Let’s get the embarrassment and the apology out of the way early.

During our presentation of the 19th-annual Only A Game Holiday Gift Guide last week, I somehow referred to basketball’s three point line as the charity stripe. I know the charity stripe is the foul line. What else could it be? But I goofed, and among those who noticed it was Steve Flammey, who e-mailed to say “this is so VERY wrong.” Among the many others who caught the gaff was Eric Anderson, who charitably couched his correction in praise.

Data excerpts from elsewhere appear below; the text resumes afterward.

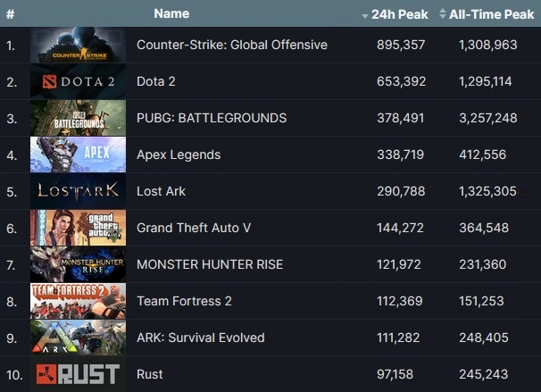 국산 게임 중 3위 크래프톤 '펍지: 배틀그라운드'와 로스트아크 외에도 위메이드 '미르4'가 4만3098명으로 30위, 펄어비스 '검은 사막'이 1만8733명으로 77위, 님블뉴런 '이터널 리턴'이 9063명으로 121위를 기록했다.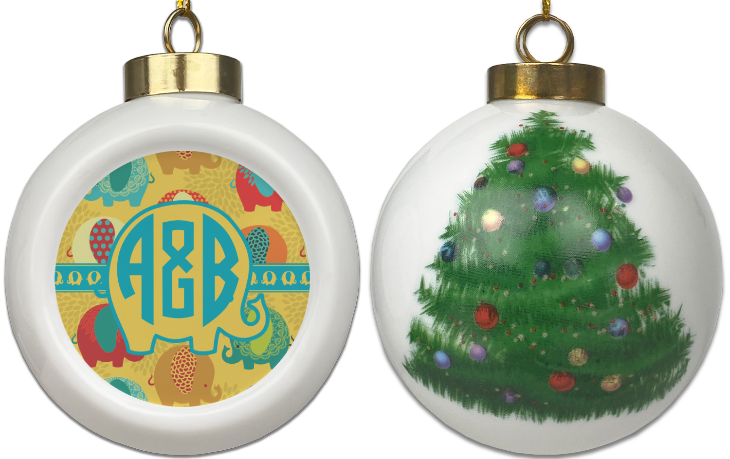 Our Christmas ornaments are a unique ceramic ball shape with a twist as it has a flat face to display your custom design! Select from one of our two design types - Christmas Tree or Poinsettia Garland - to adorn the curved back of your personal design. Each ornament measures 3H x 2.5W x 2D accompanied with a gold string accent for finishing touches to hang on your beautiful Christmas tree!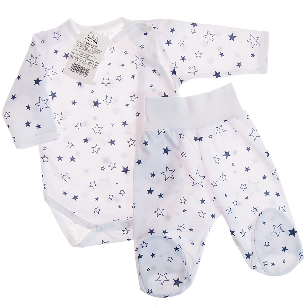 Biały komplet dla wcześniaka 2-częściowy w gwiazdki - body kopertowe, półśpiochy.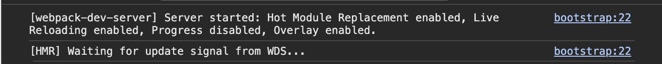개발자 도구 console 에서 웹팩이 설치되었음을 알 수 있다.

“Only because I am a devoted listener as well as a reader of your work in the Boston Globe do I raise this quibble,” he wrote. “Back in the days of the two-handed set shot when I was playing basketball, the ‘charity stripe’ was the free throw line. Was there a ‘redesignation’ that got past me?”

No, Mr. Anderson. Nothing’s gotten past you, and what a gracious man you are.

Lynne Woodard, who hears the program on Vermont Public Radio, was offended when Charlie Pierce and I briefly discussed the Kentucky alum and basketball fan who’s also a Playboy model. The young woman’s ankle was slightly injured in a melee following a game and she missed a modeling assignment. Charlie couldn’t understand why a swollen ankle would matter. “I suggest you drop Mr. Pierce from future shows,” Ms. Woodard wrote. “But I won’t know if you do, because I plan to be listening to some other station until it’s time for Car Talk.”

Jeff Tracy of Lockport, New York, wrote to say he was confused that in last week’s program we had presented what he termed “an excellent piece on fighting in hockey” and “a story on ultimate fighting,” which would have been my conversation with Matthew Polly about his new book, Tapped Out.

“My point is this,” Mr. Tracy wrote. “Sport is good. Fighting is bad. Your broadcast created a mixed message: fighting is bad in one arena and good in another one. Let’s leave fighting to the Rock ‘Em – Sock ‘Em Robots.”

And finally, Regina Garcia responded to my interview with Buster Olney of ESPN The Magazine about the relocating of Albert Pujols for a quarter of a billion dollars. She posted on our Facebook page: “Glad my team’s not stuck with that bill,” she wrote. “One injury and…”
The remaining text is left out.